Apesar da área este ano percorrida pelo fogo ser menor, não deixa de ser gravíssimo o facto de quase toda a área da Serra de Monchique ter ardido completamente nos últimos anos, a maioria da qual integrada na Rede Natura 2000. É certo que uma parte do valor natural associado à maior montanha da nossa região há muito que foi reclamada por grandes manchas, por vezes contínuas, de eucaliptos, mas nesta zona ainda é possível encontrar, entre outros valores naturais relevantes, algumas áreas sobreviventes de soutos, castinçais e sobreirais, com importância económica e ambiental, os quais estão, hoje em dia, em risco de desaparecer.
São perfeitamente conhecidas as causas que podem aumentar o risco da ocorrência e propagação de incêndios florestais, algumas das quais são estruturais, como a ocorrência de situações meteorológicas excepcionais, ou de difícil reversibilidade, como a negligência humana no uso do fogo, o despovoamento e o envelhecimento das zonas e populações rurais. Mas outras causas podem e devem ser combatidas de imediato, como a quase ausência de práticas sistemáticas de desmatação, a falta de limpeza de áreas ardidas ou alvo de exploração florestal, para além da diminuição do investimento nas essenciais tarefas de prevenção e vigilância.
A bela Serra de Monchique, com os seus socalcos e encostas verdejantes, é já quase um cenário do passado, tendo-se transformado num autêntico barril de pólvora, devido às crescentes manchas de eucaliptal e matos de transição. Mas devemos lutar para que, pelo menos em parte, esta situação se possa inverter nas próximas décadas, caso haja vontade e empenhamento dos responsáveis pelo território e das populações locais.
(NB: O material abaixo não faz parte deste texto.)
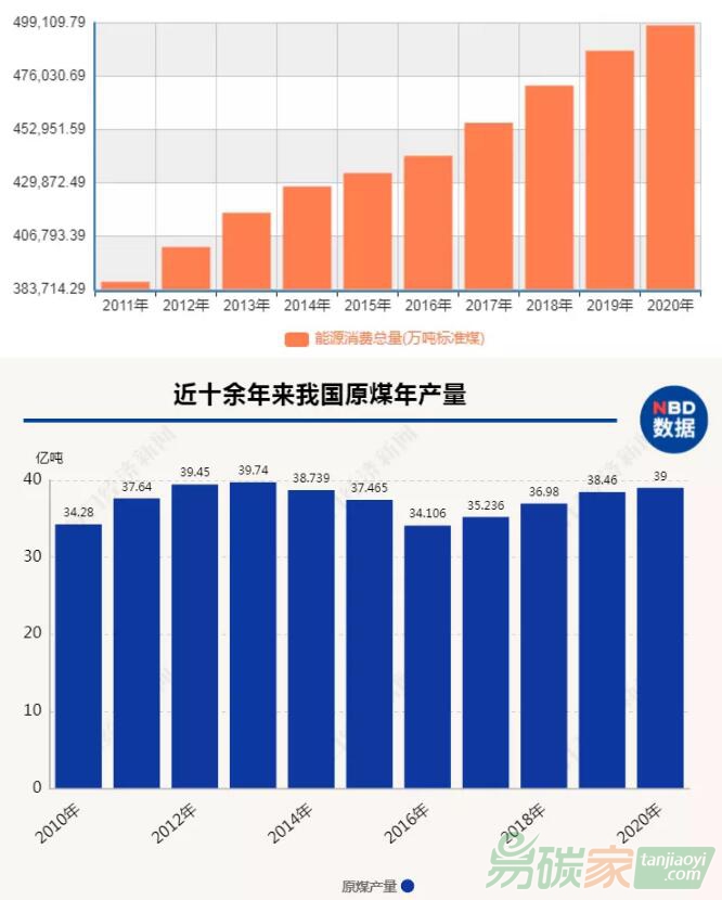 | 從上述兩圖對(duì)比可以看出,盡管近年中國(guó)經(jīng)濟(jì)仍保持較快增長(zhǎng),能源消費(fèi)總量不斷提升,但原煤產(chǎn)量較高峰已有回落,原煤占能源消費(fèi)結(jié)構(gòu)比重也逐步降低
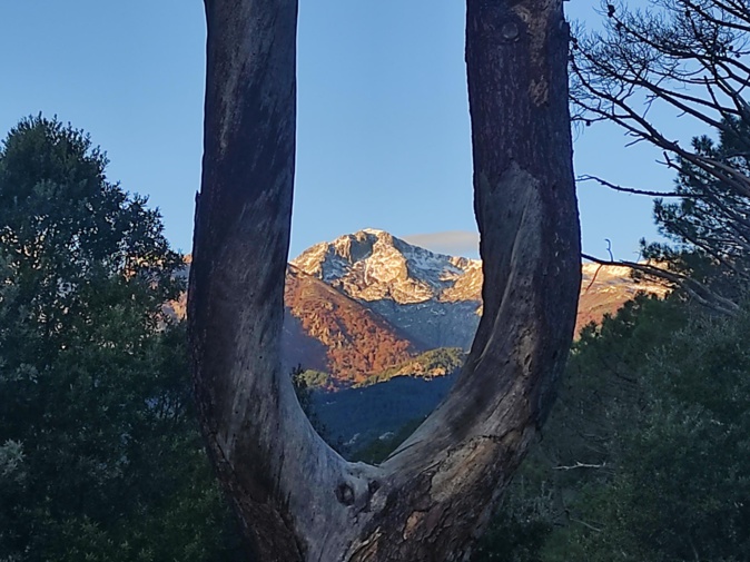 Première neige sur le Renosu vue depuis le vieux pin fourchu ce 8 novembre (Alain Pieri)
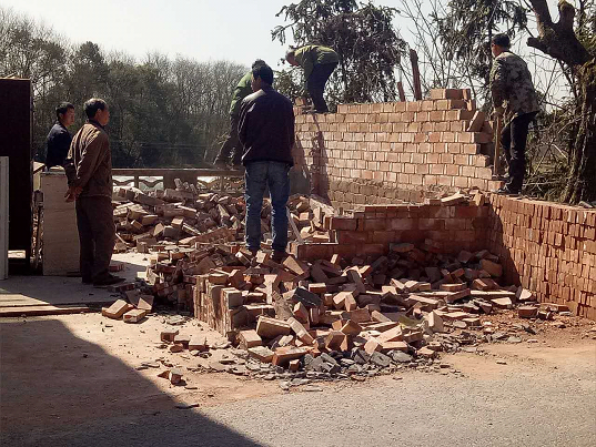 2月27日,三阳乡建管站工作人员在巡查中发现黛屏源村有一处违章建房,当即上门对户主下达了整改通知,并与该村村支书、村主任及规划员一道,对户主讲清该房屋属于违建的原因,阐明依规建设的意义、违规建设的危害和影响,让他充分认识到拆除违建的必要性。经过耐心细致的沟通,当事人同意配合拆除。
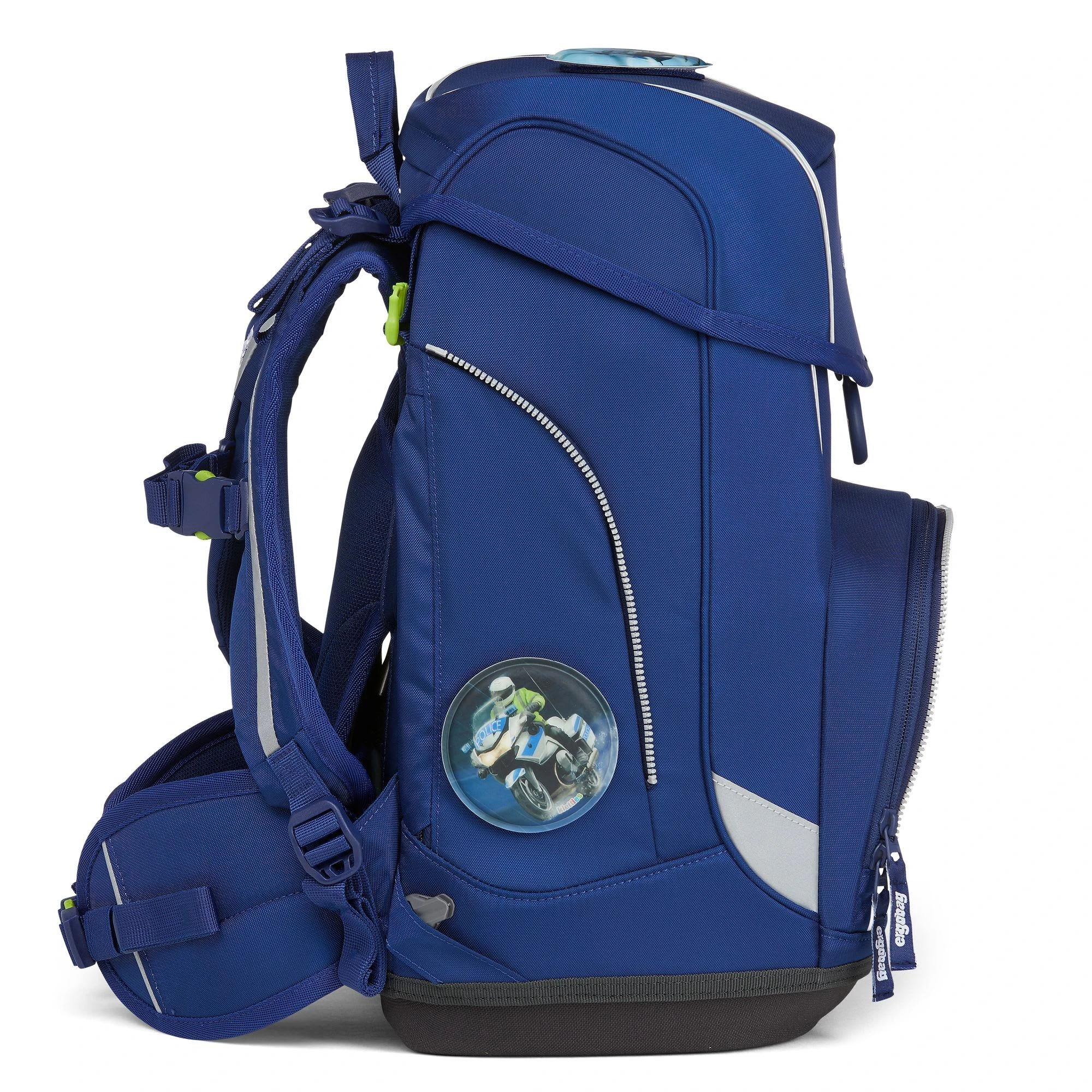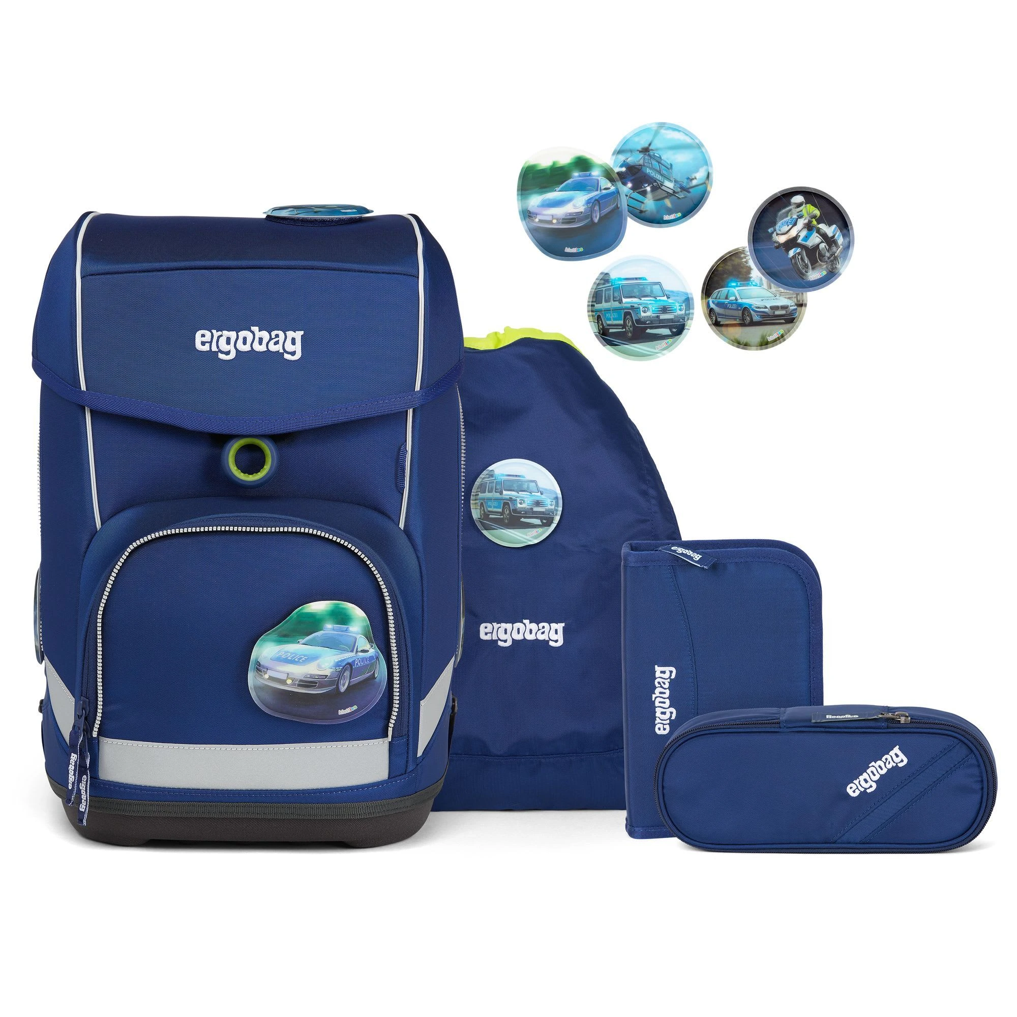 5-teiliges Schulranzen-Set von Ergobag aus “Galaxy Glow”-Edition, bestehend aus Schulranzen, Sportbeutel, Schlamperrolle, 22-tlg. Schlampermäppchen und 5-tlg. Klettie-Set.
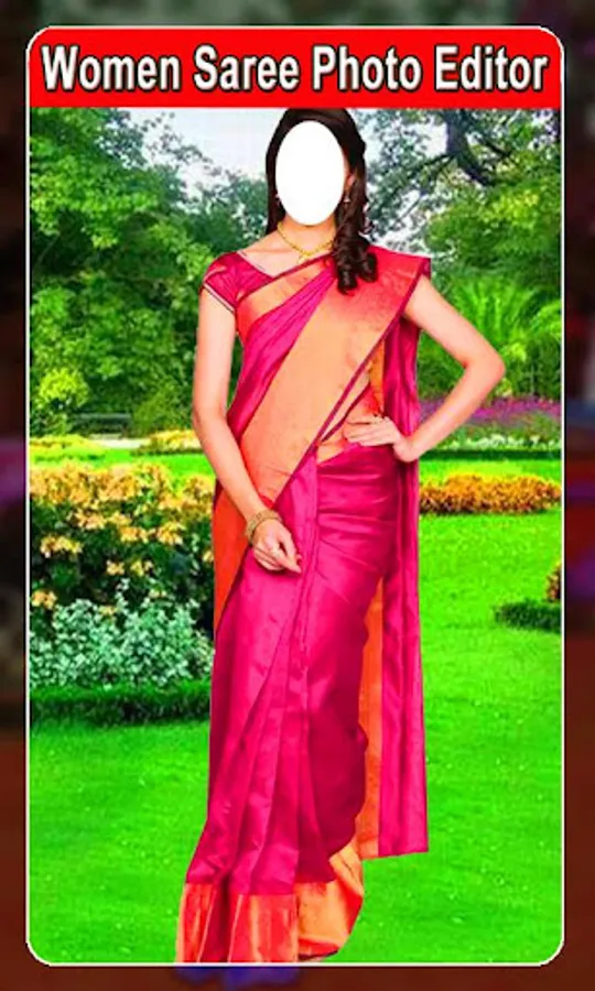 Women Sari Photo Editor app lets you try on different stylish collection and check on yourself. Just a single click and you can try wide variety of photo collection on you.

Por fim, a Associação Almargem não quer deixar de homenagear o esforço abnegado dos bombeiros e outros agentes da protecção civil que, com risco da própria vida, mais uma vez, impediram, no terreno, que as consequências deste incêndio de Monchique se tivessem tornado mais pesadas, sobretudo em termos de danos pessoais.
A Direcção
Associação Almargem
Imagem: Adaptada de Celestina Pedras, Elisa Silva, Fernando Martins, Helena Fernandez, Luciano Lourenço e Rui Lança (2015). Incêndio Catraia (Tavira), RISCOS© - Associação Portuguesa de Riscos, Prevenção e Segurança.